[ABOUT THIS EXERCISE]
Leaving out the images, reproduce every line of the data that follows exactly.

[DATA SHOWN]
.....

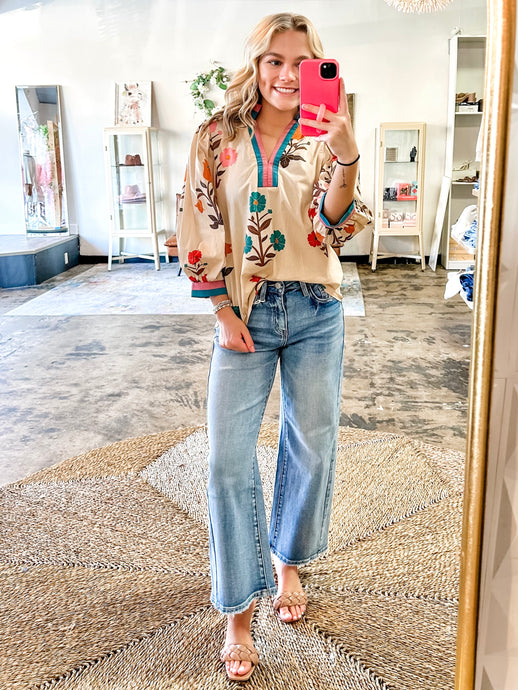Botanical Garden- Ecru Floral print short bubble sleeve top
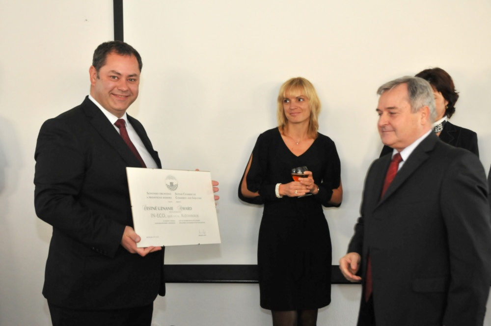 According to the proposal from Regional Chamber in Žilina (regional branch of the Slovak chamber of Commerce and Industry) Directory of the Slovak chamber of Commerce and Industry (SCHCI) approved the „Award“ for the company IN-ECO spol. s r.o. Ružomberok at its plenary session on 21st of June 2011 for the constribution to the economic development and business in the Slovak republic. The Award was taken over 18th of April 2012 by the chief executive of the company IN-ECO Mr. Igor Tomek from vice-president of SCHCI Ing. Juraj Kostolný and president of Regional chamber SCHCI in Žilina Ing. Ján Mišura.
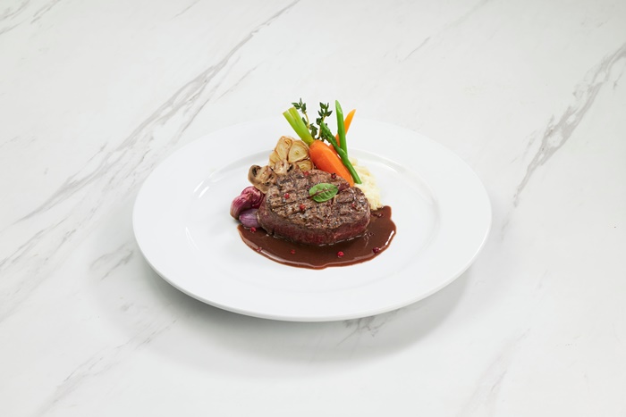 สำหรับจานหลักมีให้เลือกหลากหลายเมนูไม่ว่าจะเป็น Grilled Beef Tenderloin with Red Wine Sauce & Greens สเต๊กเนื้อสันในย่างกับซอสไวน์แดง เสิร์ฟพร้อมแคร์รอตและมันฝรั่งบด ที่มาในรสชาติที่เข้มข้นกลมกล่อม
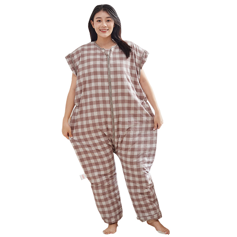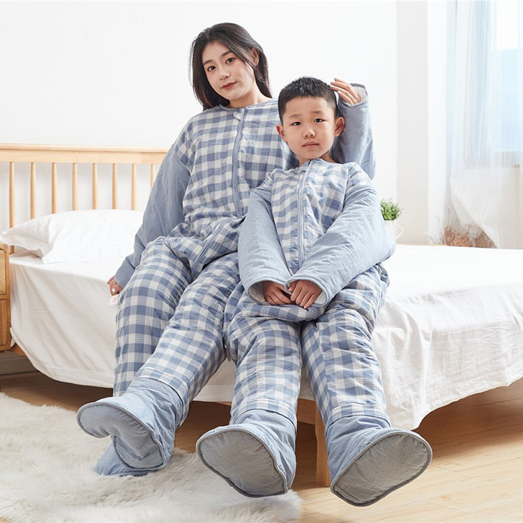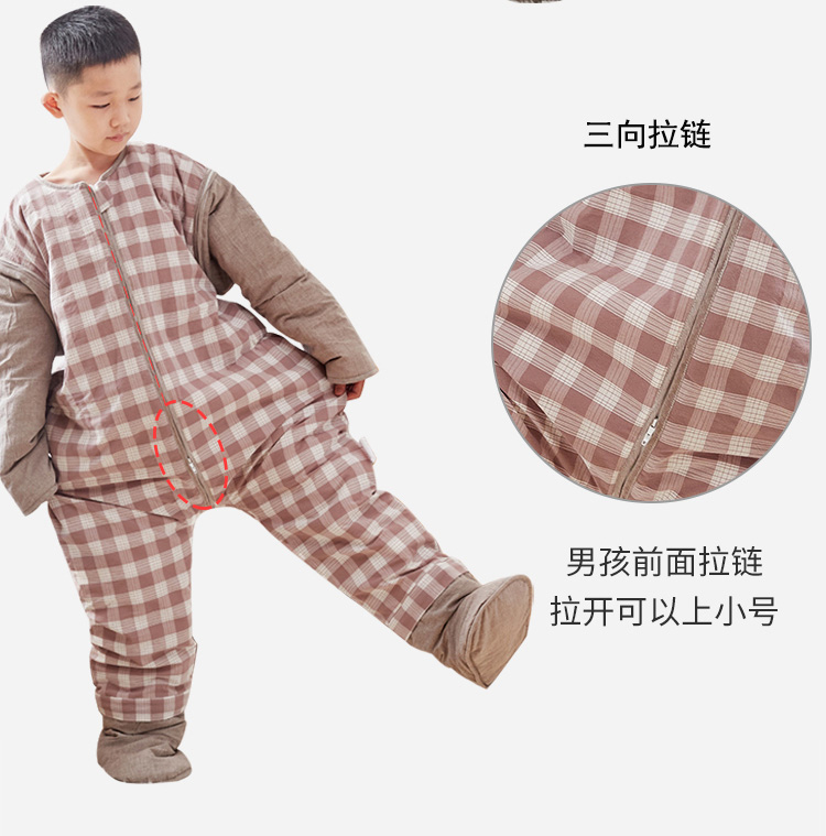 Adult sleeping bag Autumn and winter student big child cotton spring and autumn plaid sleeve sleeve foot cover Kindergarten anti-kick is greatly widened

.....

[RESPONSE TO THE EXERCISE]
Botanical Garden- Ecru Floral print short bubble sleeve top
 According to the proposal from Regional Chamber in Žilina (regional branch of the Slovak chamber of Commerce and Industry) Directory of the Slovak chamber of Commerce and Industry (SCHCI) approved the „Award“ for the company IN-ECO spol. s r.o. Ružomberok at its plenary session on 21st of June 2011 for the constribution to the economic development and business in the Slovak republic. The Award was taken over 18th of April 2012 by the chief executive of the company IN-ECO Mr. Igor Tomek from vice-president of SCHCI Ing. Juraj Kostolný and president of Regional chamber SCHCI in Žilina Ing. Ján Mišura.
 สำหรับจานหลักมีให้เลือกหลากหลายเมนูไม่ว่าจะเป็น Grilled Beef Tenderloin with Red Wine Sauce & Greens สเต๊กเนื้อสันในย่างกับซอสไวน์แดง เสิร์ฟพร้อมแคร์รอตและมันฝรั่งบด ที่มาในรสชาติที่เข้มข้นกลมกล่อม
 Adult sleeping bag Autumn and winter student big child cotton spring and autumn plaid sleeve sleeve foot cover Kindergarten anti-kick is greatly widened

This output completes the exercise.